- What you should do: Your output must be the lines below from the line containing "这是6月22日在兴胜店村拍摄的大型喷灌设施。" to the line containing "укороченная рукоятка Denzel", both lines included, reproduced exactly and without pictures.

- Stored data:
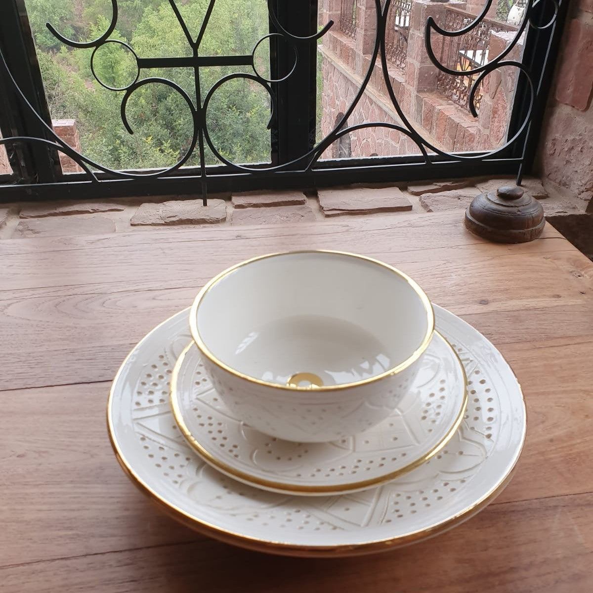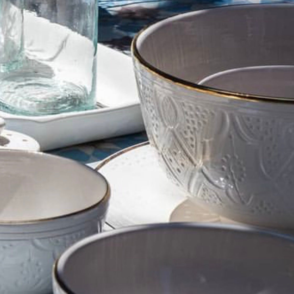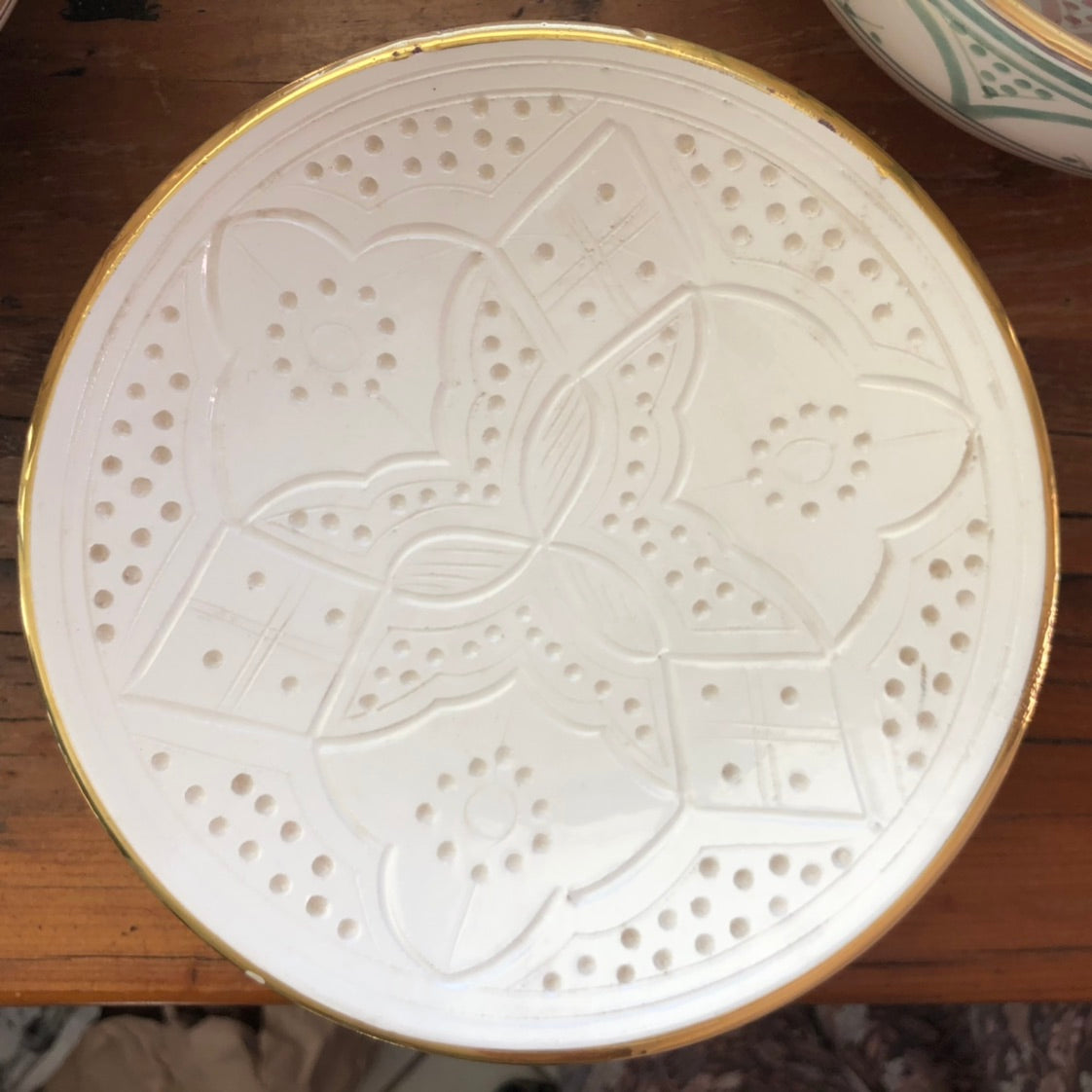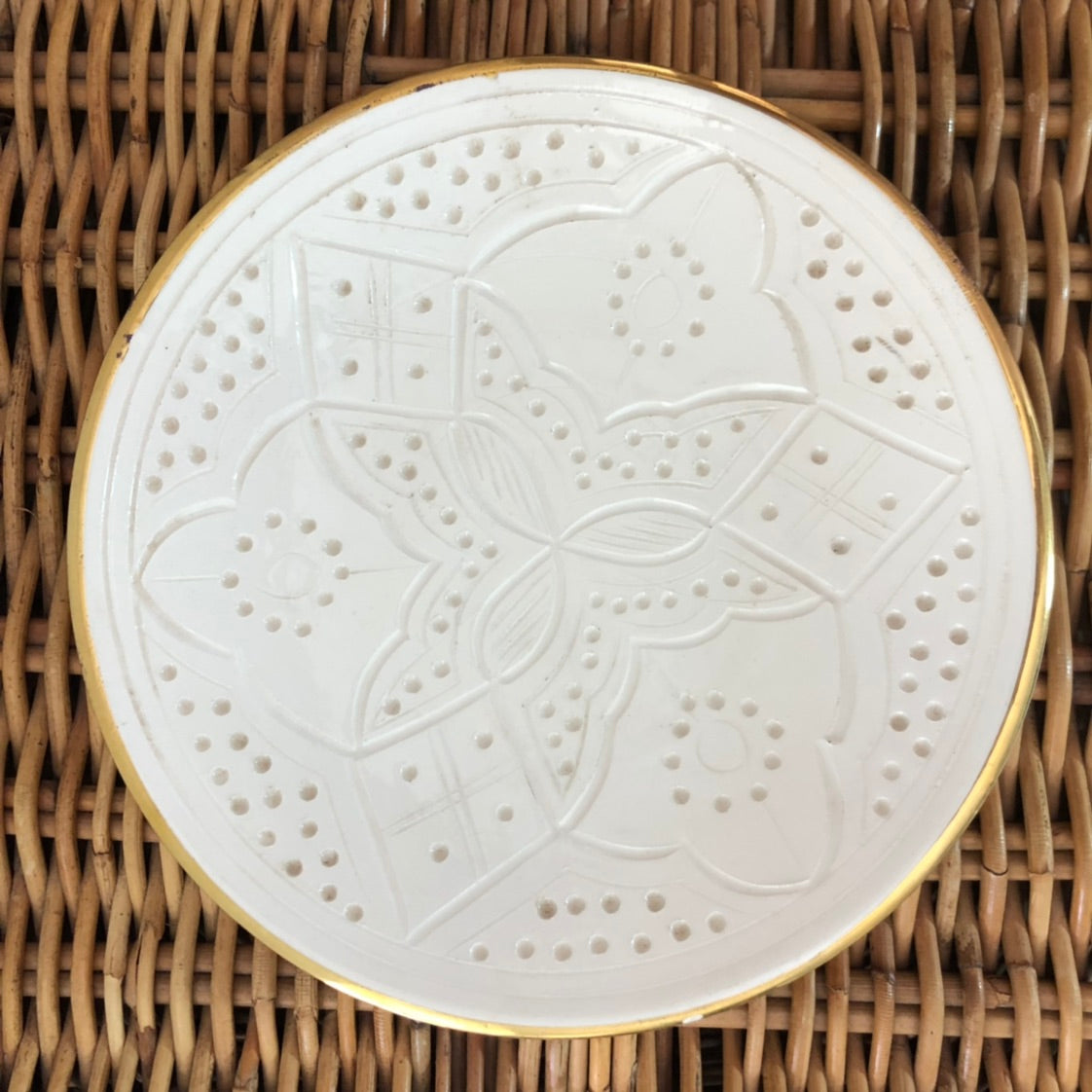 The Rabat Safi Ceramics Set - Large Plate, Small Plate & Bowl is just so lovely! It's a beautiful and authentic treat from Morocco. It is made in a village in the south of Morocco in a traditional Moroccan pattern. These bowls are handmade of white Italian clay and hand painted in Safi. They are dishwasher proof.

* * *

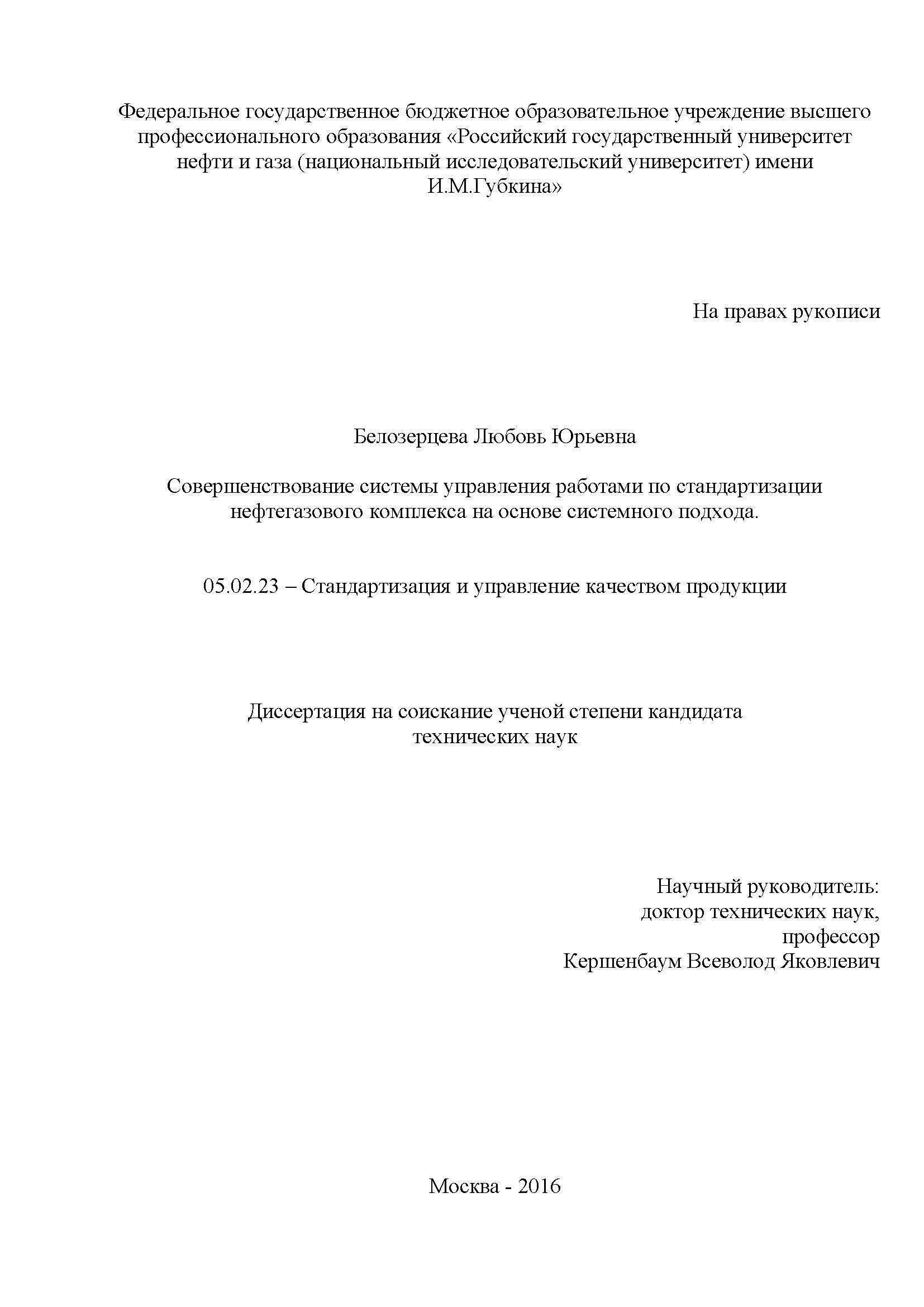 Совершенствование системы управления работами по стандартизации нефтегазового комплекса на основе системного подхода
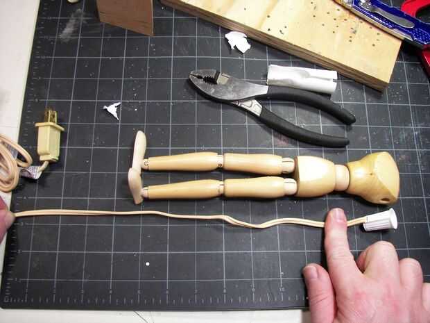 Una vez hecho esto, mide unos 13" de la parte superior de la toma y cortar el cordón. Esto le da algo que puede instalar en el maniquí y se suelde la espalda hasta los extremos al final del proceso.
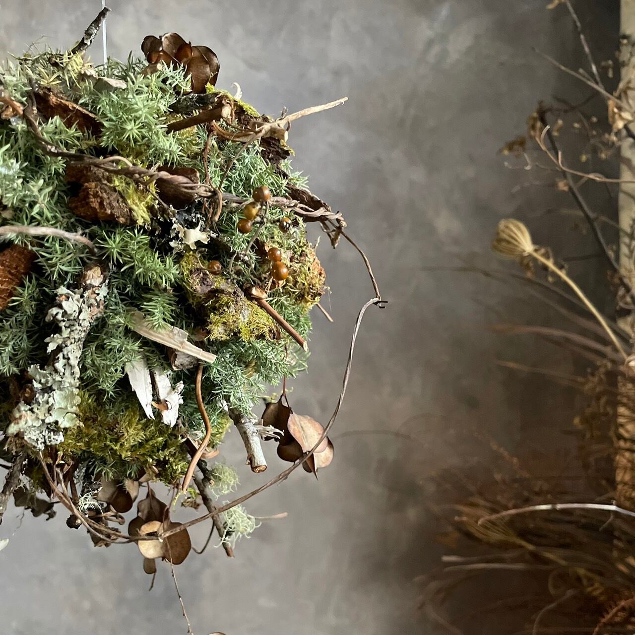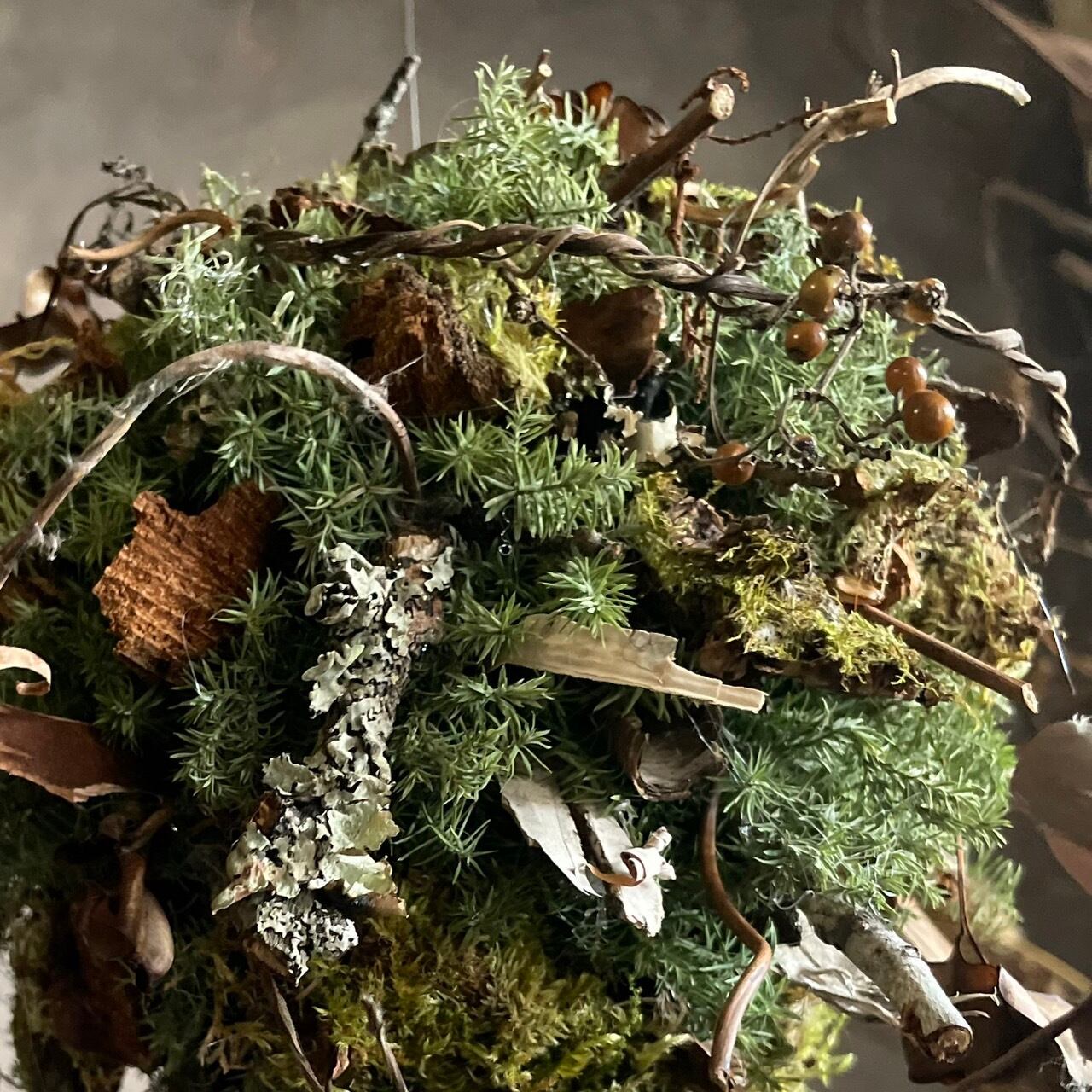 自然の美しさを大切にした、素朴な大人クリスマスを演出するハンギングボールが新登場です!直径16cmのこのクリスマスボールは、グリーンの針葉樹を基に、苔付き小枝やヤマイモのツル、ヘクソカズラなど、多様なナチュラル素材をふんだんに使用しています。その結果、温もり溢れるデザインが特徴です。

...

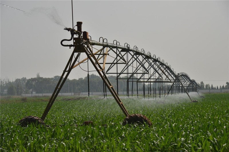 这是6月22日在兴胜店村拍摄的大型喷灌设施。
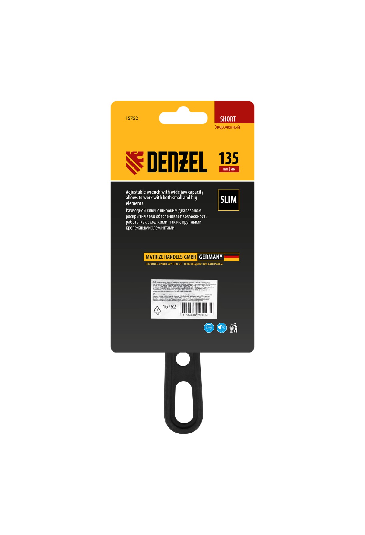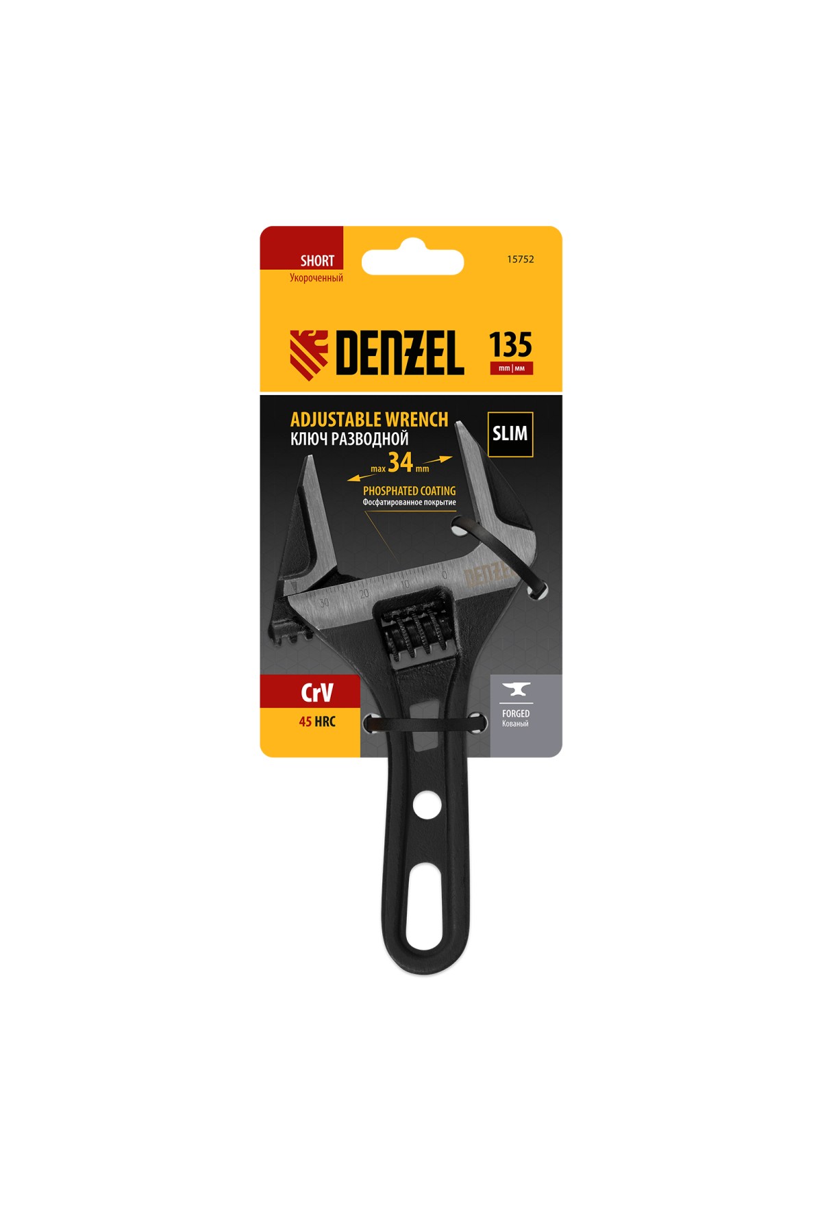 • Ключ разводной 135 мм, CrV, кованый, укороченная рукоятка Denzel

- Answer space:
 这是6月22日在兴胜店村拍摄的大型喷灌设施。
 • Ключ разводной 135 мм, CrV, кованый, укороченная рукоятка Denzel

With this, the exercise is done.